→ What you will do
The line containing "そしておはようございます、朝" marks the end: copy exactly every line from the start of the records below up to and including it, leaving out pictures.

→ Items from a data source
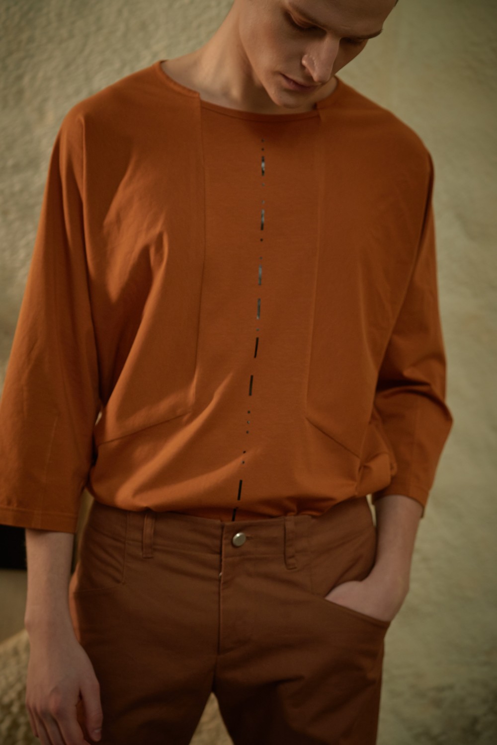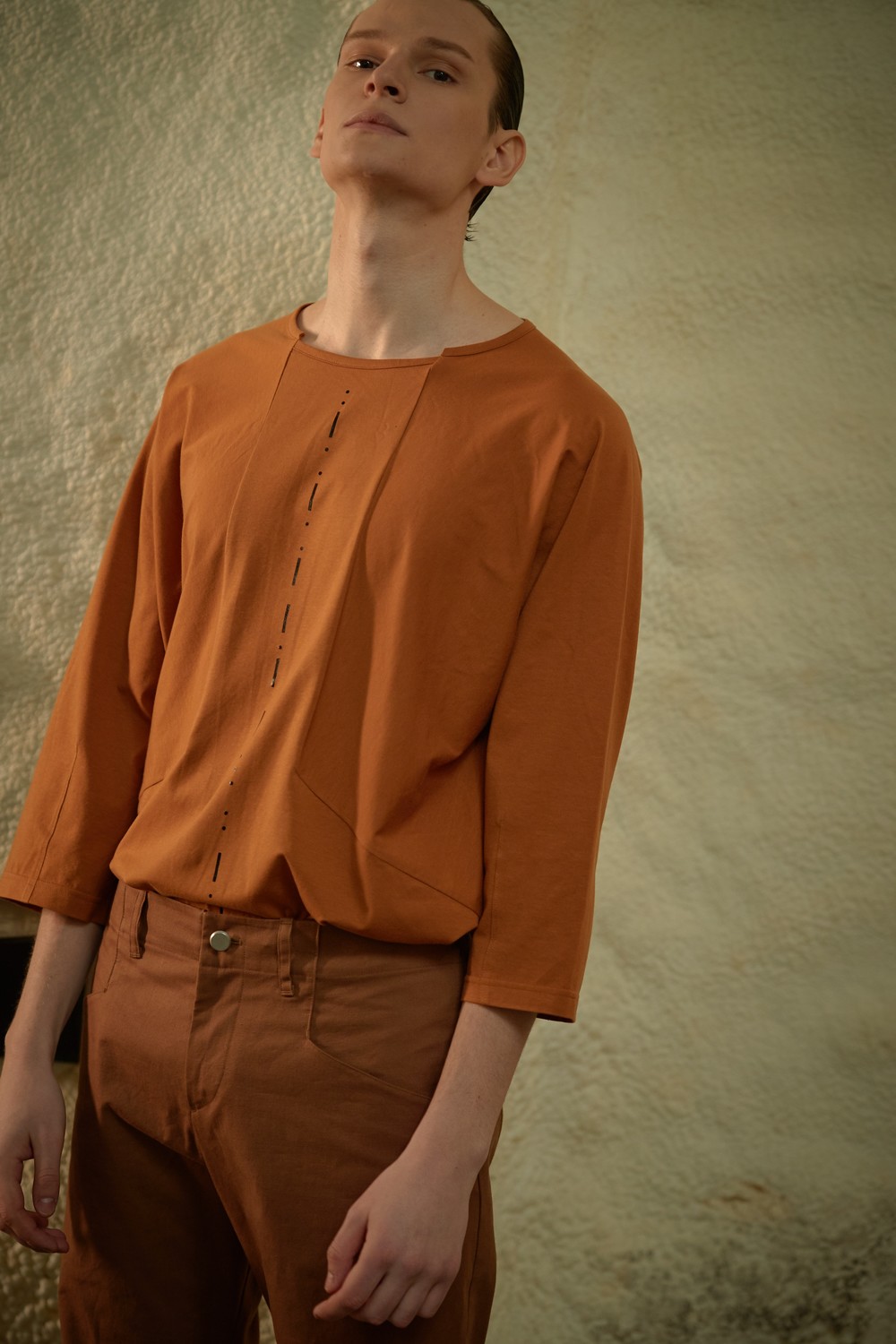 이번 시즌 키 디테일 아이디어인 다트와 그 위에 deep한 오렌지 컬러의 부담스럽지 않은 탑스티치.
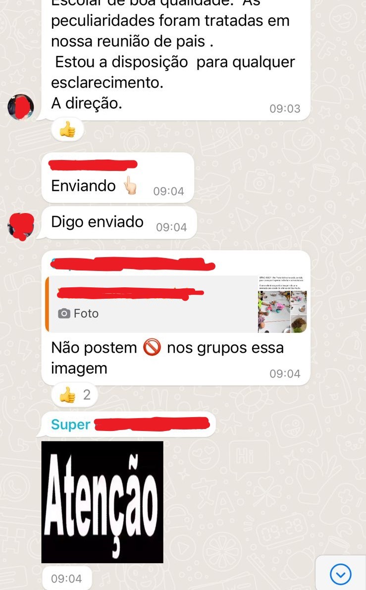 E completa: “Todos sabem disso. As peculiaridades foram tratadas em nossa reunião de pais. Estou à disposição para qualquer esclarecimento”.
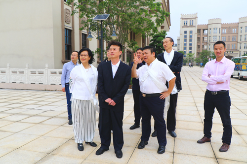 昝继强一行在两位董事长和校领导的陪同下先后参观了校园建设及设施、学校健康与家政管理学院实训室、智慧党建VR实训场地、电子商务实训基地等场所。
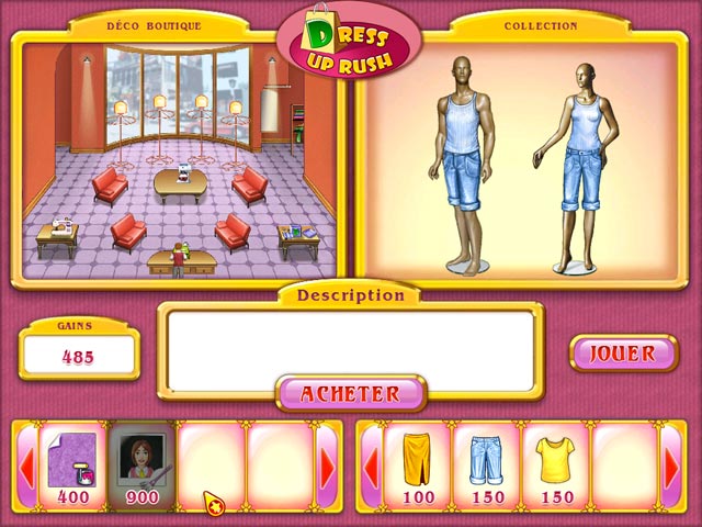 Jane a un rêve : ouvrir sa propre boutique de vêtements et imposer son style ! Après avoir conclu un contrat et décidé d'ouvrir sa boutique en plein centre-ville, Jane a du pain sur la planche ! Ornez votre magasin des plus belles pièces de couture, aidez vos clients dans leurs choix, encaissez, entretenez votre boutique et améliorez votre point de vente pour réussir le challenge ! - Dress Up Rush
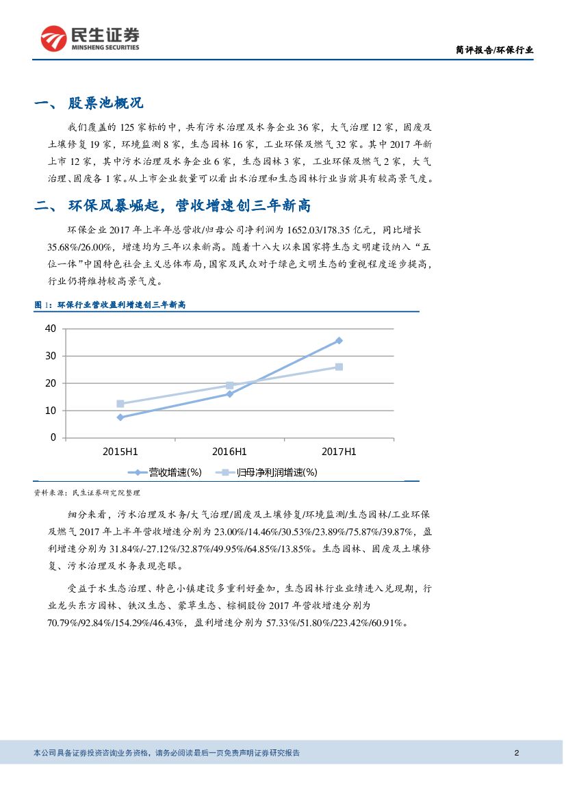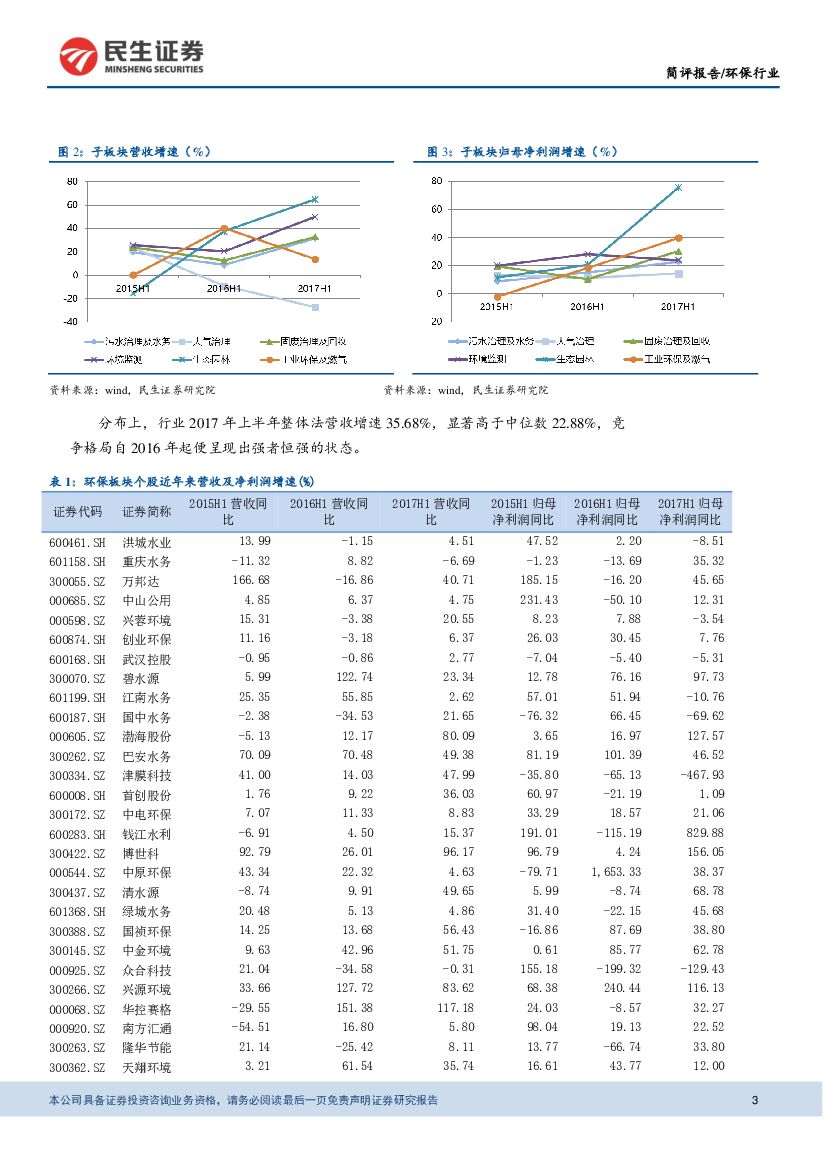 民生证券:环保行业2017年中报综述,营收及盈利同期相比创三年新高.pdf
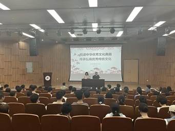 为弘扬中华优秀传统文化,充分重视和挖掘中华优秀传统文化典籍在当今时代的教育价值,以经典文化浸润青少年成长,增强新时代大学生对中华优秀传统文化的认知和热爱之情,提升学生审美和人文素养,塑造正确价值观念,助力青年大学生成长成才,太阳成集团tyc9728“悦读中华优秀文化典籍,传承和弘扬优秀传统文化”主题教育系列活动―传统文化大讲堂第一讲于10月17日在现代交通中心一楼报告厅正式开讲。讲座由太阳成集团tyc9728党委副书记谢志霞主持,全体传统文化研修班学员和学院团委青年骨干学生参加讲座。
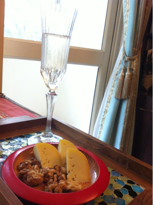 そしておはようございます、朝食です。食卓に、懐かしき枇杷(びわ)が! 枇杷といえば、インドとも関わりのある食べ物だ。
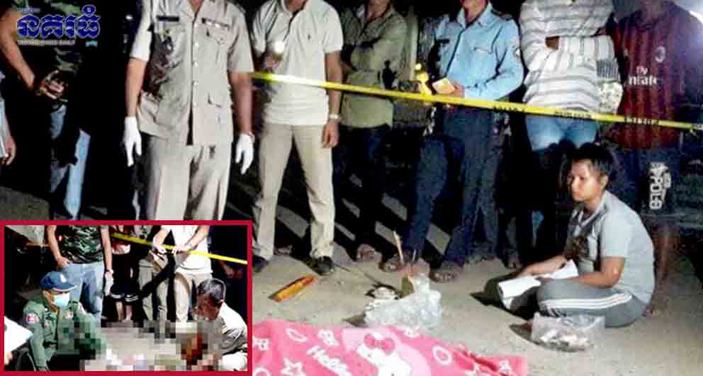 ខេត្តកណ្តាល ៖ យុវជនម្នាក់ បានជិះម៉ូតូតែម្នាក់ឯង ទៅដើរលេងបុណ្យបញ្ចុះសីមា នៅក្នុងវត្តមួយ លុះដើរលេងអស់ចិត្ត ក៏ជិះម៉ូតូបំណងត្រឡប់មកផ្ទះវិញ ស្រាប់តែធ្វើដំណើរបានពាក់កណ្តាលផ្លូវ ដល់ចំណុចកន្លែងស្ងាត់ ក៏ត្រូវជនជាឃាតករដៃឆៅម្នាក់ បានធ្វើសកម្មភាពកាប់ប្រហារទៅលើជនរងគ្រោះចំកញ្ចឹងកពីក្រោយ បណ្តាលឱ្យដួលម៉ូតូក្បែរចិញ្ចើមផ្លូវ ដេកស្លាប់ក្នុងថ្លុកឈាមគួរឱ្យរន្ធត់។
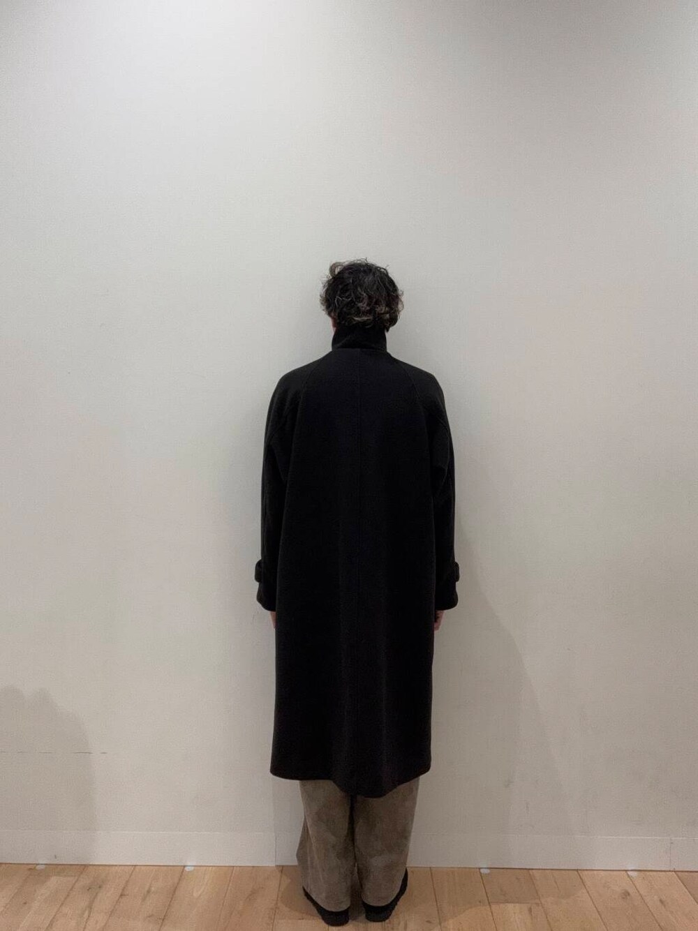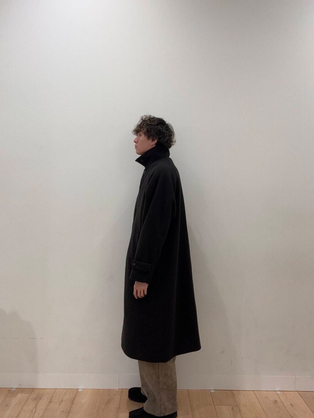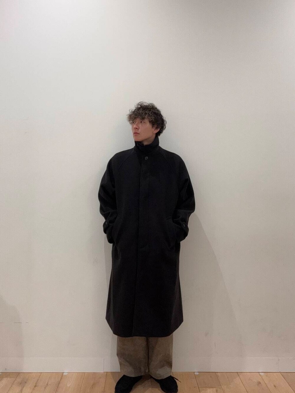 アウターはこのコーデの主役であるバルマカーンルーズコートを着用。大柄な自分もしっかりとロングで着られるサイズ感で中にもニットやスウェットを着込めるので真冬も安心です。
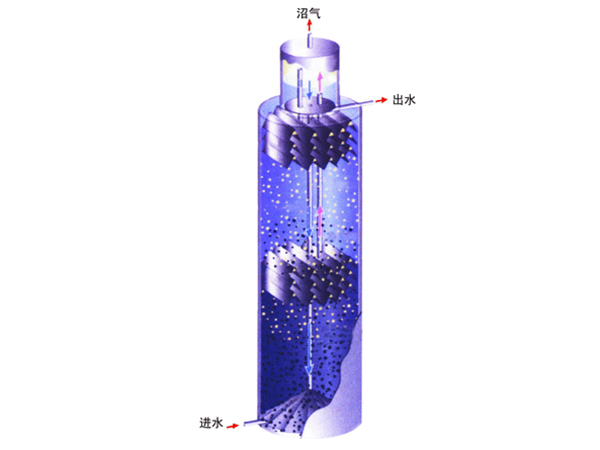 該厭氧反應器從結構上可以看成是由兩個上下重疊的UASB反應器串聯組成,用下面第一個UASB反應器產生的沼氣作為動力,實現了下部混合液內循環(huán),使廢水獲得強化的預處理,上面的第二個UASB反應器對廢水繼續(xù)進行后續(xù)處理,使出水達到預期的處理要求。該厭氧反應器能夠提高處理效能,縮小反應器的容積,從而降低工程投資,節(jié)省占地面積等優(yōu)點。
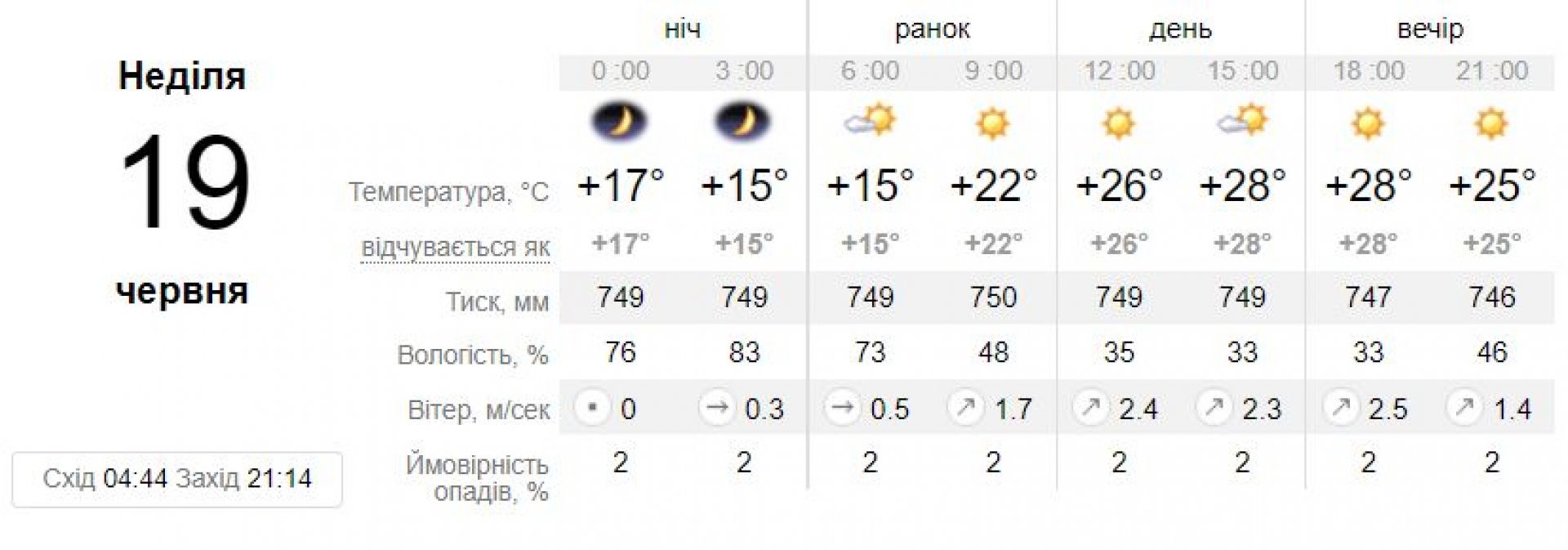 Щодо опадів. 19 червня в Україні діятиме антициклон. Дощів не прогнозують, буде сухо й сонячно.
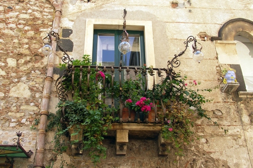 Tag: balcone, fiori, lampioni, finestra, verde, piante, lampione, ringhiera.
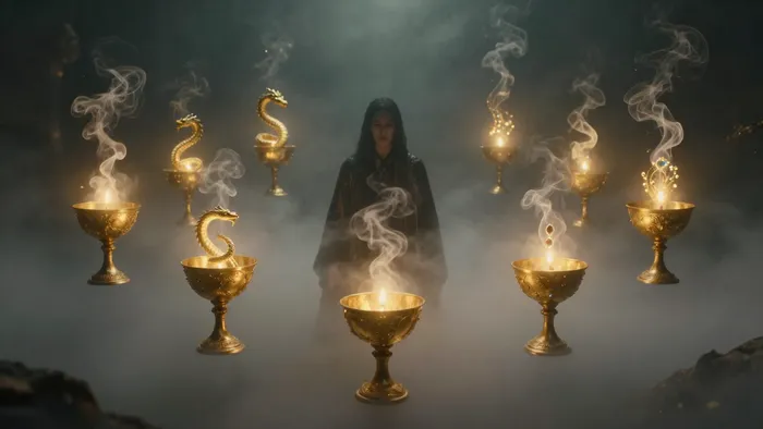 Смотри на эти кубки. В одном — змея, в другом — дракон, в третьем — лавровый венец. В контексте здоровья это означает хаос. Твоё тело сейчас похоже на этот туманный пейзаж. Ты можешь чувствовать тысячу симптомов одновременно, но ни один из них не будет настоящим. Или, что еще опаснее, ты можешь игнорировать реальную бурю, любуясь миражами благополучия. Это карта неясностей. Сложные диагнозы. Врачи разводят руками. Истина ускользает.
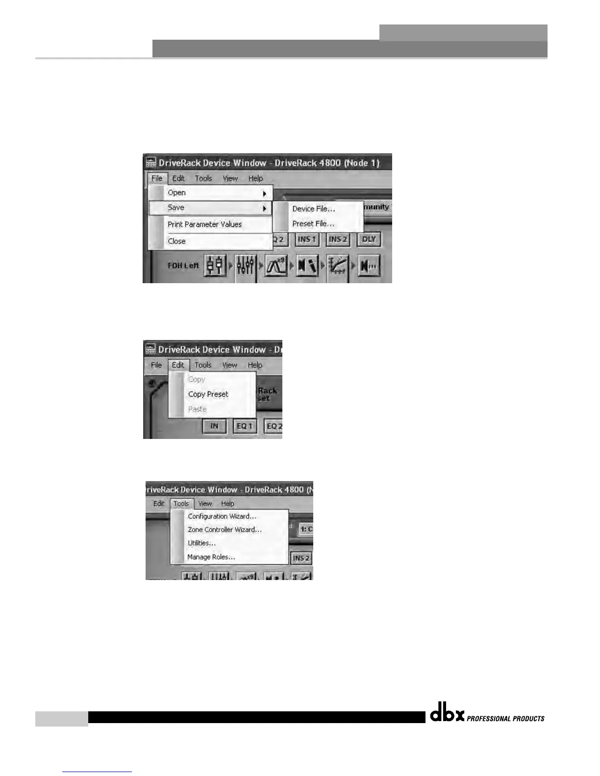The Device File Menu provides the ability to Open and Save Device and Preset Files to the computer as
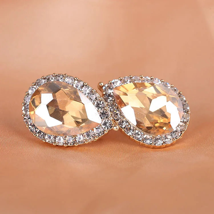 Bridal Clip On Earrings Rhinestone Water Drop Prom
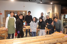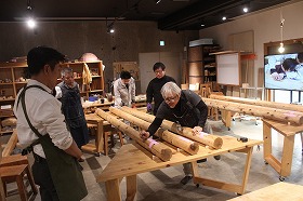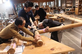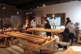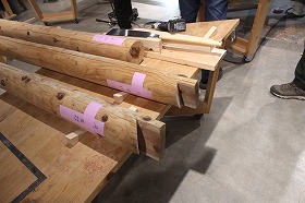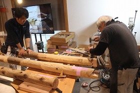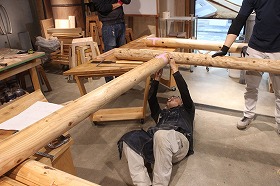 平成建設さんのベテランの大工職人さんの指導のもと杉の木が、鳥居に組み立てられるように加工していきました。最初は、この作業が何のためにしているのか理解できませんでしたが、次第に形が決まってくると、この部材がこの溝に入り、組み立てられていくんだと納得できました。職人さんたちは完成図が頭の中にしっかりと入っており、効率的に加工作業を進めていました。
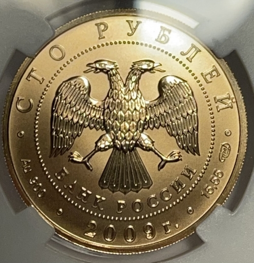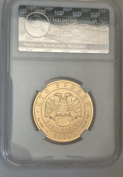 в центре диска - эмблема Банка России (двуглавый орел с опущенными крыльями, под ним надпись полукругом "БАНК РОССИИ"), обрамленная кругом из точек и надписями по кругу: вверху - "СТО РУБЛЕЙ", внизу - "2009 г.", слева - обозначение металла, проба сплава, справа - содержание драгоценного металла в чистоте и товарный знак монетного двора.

→ Solved exercise
 이번 시즌 키 디테일 아이디어인 다트와 그 위에 deep한 오렌지 컬러의 부담스럽지 않은 탑스티치.
 E completa: “Todos sabem disso. As peculiaridades foram tratadas em nossa reunião de pais. Estou à disposição para qualquer esclarecimento”.
 昝继强一行在两位董事长和校领导的陪同下先后参观了校园建设及设施、学校健康与家政管理学院实训室、智慧党建VR实训场地、电子商务实训基地等场所。
 Jane a un rêve : ouvrir sa propre boutique de vêtements et imposer son style ! Après avoir conclu un contrat et décidé d'ouvrir sa boutique en plein centre-ville, Jane a du pain sur la planche ! Ornez votre magasin des plus belles pièces de couture, aidez vos clients dans leurs choix, encaissez, entretenez votre boutique et améliorez votre point de vente pour réussir le challenge ! - Dress Up Rush
 民生证券:环保行业2017年中报综述,营收及盈利同期相比创三年新高.pdf
 为弘扬中华优秀传统文化,充分重视和挖掘中华优秀传统文化典籍在当今时代的教育价值,以经典文化浸润青少年成长,增强新时代大学生对中华优秀传统文化的认知和热爱之情,提升学生审美和人文素养,塑造正确价值观念,助力青年大学生成长成才,太阳成集团tyc9728“悦读中华优秀文化典籍,传承和弘扬优秀传统文化”主题教育系列活动―传统文化大讲堂第一讲于10月17日在现代交通中心一楼报告厅正式开讲。讲座由太阳成集团tyc9728党委副书记谢志霞主持,全体传统文化研修班学员和学院团委青年骨干学生参加讲座。
 そしておはようございます、朝食です。食卓に、懐かしき枇杷(びわ)が! 枇杷といえば、インドとも関わりのある食べ物だ。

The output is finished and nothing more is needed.